Goal-Directed Molecular Optimization

In goal-directed optimization tasks (TDC oracles, sEH binding affinity), ReaSyn integrated with Graph GA consistently outperforms synthesis-constrained baselines in both optimization score and synthetic accessibility (SA). For sEH, ReaSyn achieves a binding affinity of 0.97 and an SA score of 2.01, surpassing all prior methods and demonstrating high sampling efficiency.

Synthesizable Hit Expansion

For JNK3 hit expansion, ReaSyn achieves an analog rate of 50.0%, an improve rate of 13.1%, and a success rate of 11.3%, outperforming previous synthesizable projection methods. The distribution of generated analogs shows that ReaSyn can simultaneously optimize for similarity and target property.

Figure 4: Distribution of JNK3 scores and analog similarity for SynFormer and ReaSyn, illustrating improved hit expansion performance.

Figure 5: Examples of hit molecules and generated synthesizable analogs by ReaSyn in JNK3 hit expansion, with inhibition scores and similarity metrics.

Pathway Generation Examples

ReaSyn generates diverse synthetic pathways for molecule reconstruction, as illustrated in the Enamine examples.

Figure 6: Examples of synthetic pathways generated by ReaSyn in synthesizable molecule reconstruction of Enamine molecules.

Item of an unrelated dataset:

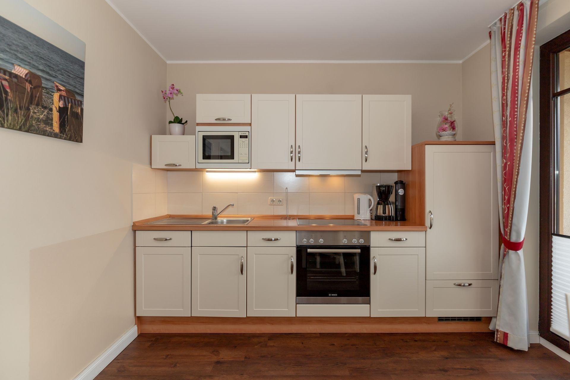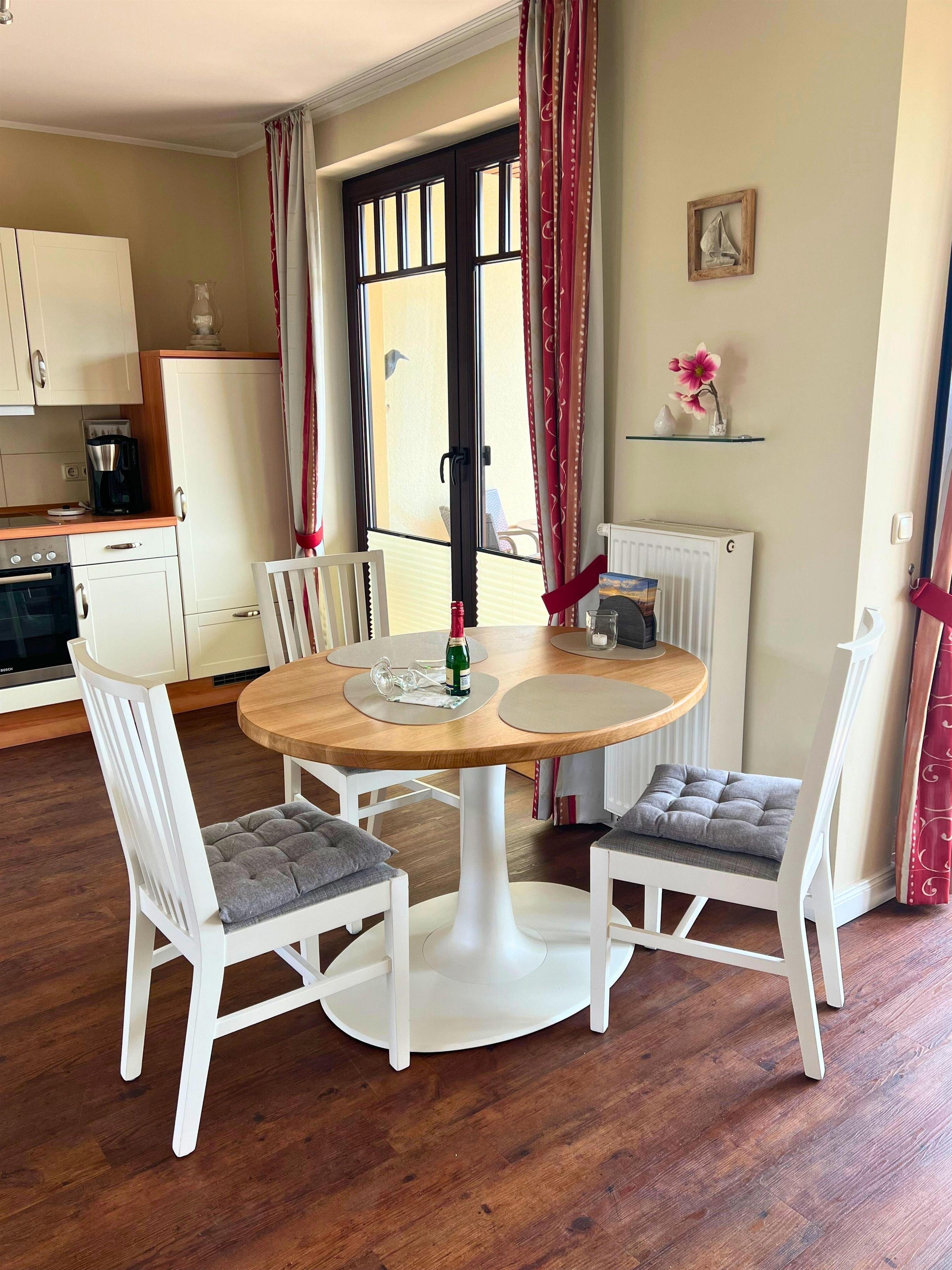 An den Wohnbereich grenzt der schöne Holz-Esstisch. Genießen Sie ein gemütliches Frühstück oder am Abend das perfekte Dinner...Die Küche ist mit einem Ceran-Kochfeld, einem Backofen, einem Geschirrspüler, einer Mikrowelle und einem Kühlschrank mit Gefrierfach ausgestattet. Des Weiteren gehören eine Kaffeemaschine, ein Wasserkocher, ein Toaster genauso zum Inventar wie ausreichend Besteck und Geschirr.

Ablation and Comparative Analysis

Ablation studies confirm that both RL finetuning and the inclusion of intermediate product tokens in CoR notation are critical for pathway diversity and reconstruction performance. The use of SMILES over molecular fingerprints is essential for sequence length and token balance. Comparative analysis with retrosynthesis planning methods (e.g., AiZynthFinder) shows that ReaSyn achieves higher reconstruction rates on Enamine and ZINC250k, despite a smaller design space, and offers broader applicability beyond retrosynthesis.

Implications and Future Directions

ReaSyn's explicit reasoning over synthetic pathways, enabled by CoR notation and RL finetuning, sets a new standard for synthesizable molecular design. The framework's modularity allows integration with various generative and optimization algorithms, facilitating practical deployment in drug discovery pipelines. The approach demonstrates that stepwise reasoning and intermediate supervision are crucial for navigating combinatorially large chemical spaces.

Potential future developments include the incorporation of additional reaction metadata (e.g., reagents, yields), toxicity filtering, and further scaling of reward models for property optimization. The analogy to LLM reasoning suggests that advances in process reward modeling and search algorithms can be directly transferred to molecular design, opening avenues for more sophisticated reasoning and exploration strategies.

Conclusion

ReaSyn introduces a principled framework for synthesizable molecular projection, leveraging chain-of-reaction reasoning to achieve high coverage, diversity, and optimization performance in the synthesizable chemical space. The explicit encoding of reaction steps and intermediates, combined with RL finetuning and goal-directed search, enables ReaSyn to outperform prior methods in reconstruction, optimization, and hit expansion tasks. The framework's design and empirical results underscore the importance of stepwise reasoning and dense supervision in generative molecular modeling, with significant implications for the future of AI-driven drug discovery.